The power of a really popular chicken sandwich buoyed otherwise dismal results for Restaurant Brands International and its Popeyes, Burger King and Tim Hortons brands in the second quarter of this year.
August 6, 2020
Burger King, Popeyes and Tim Hortons parent company, Restaurant Brands International, reported a pretty dismal Q2, with revenue down 25% to $1.05 billion, according to earnings results released Thursday.
Although though the company's well-loved chicken chain and its even more loved chicken sandwich reported same-store sales growth of 24.8%, drops at Tim Hortons and Burger King dragged the company's overall results down, Tim Hortons dropped more than 29% for the quarter, and Burger King fell more than 13%.
Quarterly results for the brands and the company overall, however, did manage to beat estimates of 31 cents per share by coming in at an adjusted EPS of 33 cents.

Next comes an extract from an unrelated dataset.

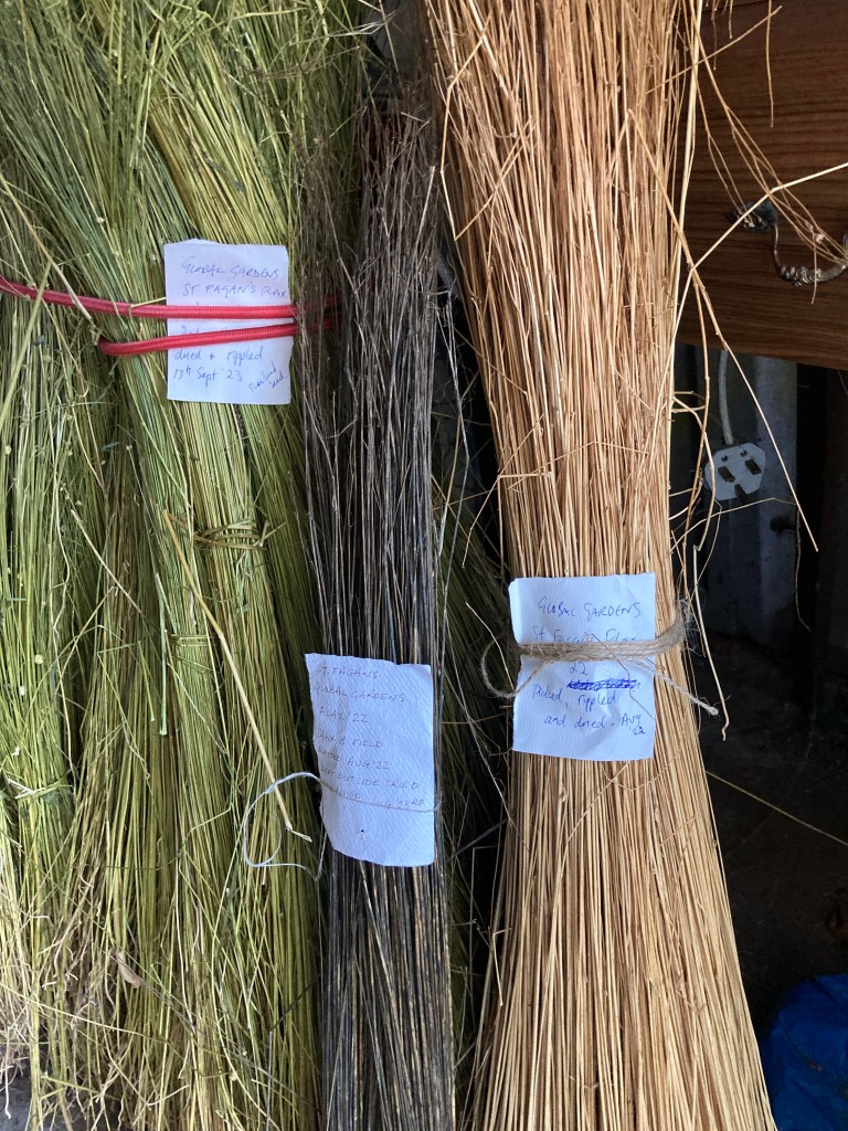 The Global Gardens grown crop is dry, with seed heads still on, hanging in the classroom. This will also be used for sharing processes next spring.

Overall, revenue was even with estimates at $1.05 billion.
Other quarterly results include:
"The COVID-19 pandemic has introduced a host of unprecedented challenges, but our proactive and coordinated response across the globe has helped drive a significant recovery in performance since March. …" CEO Jose Cil said in a company press release.
"During this crisis, the strength of our drive-thru, digital and delivery channels has been a particularly important differentiator as guests have looked to us for a combination of safety, convenience, quality and great value that few can match. It was encouraging to see our investments in digital channels drive meaningful incremental sales in the quarter and we're excited that in our home markets, digital sales across brands grew over 120% year-over-year and more than 30% quarter-over-quarter."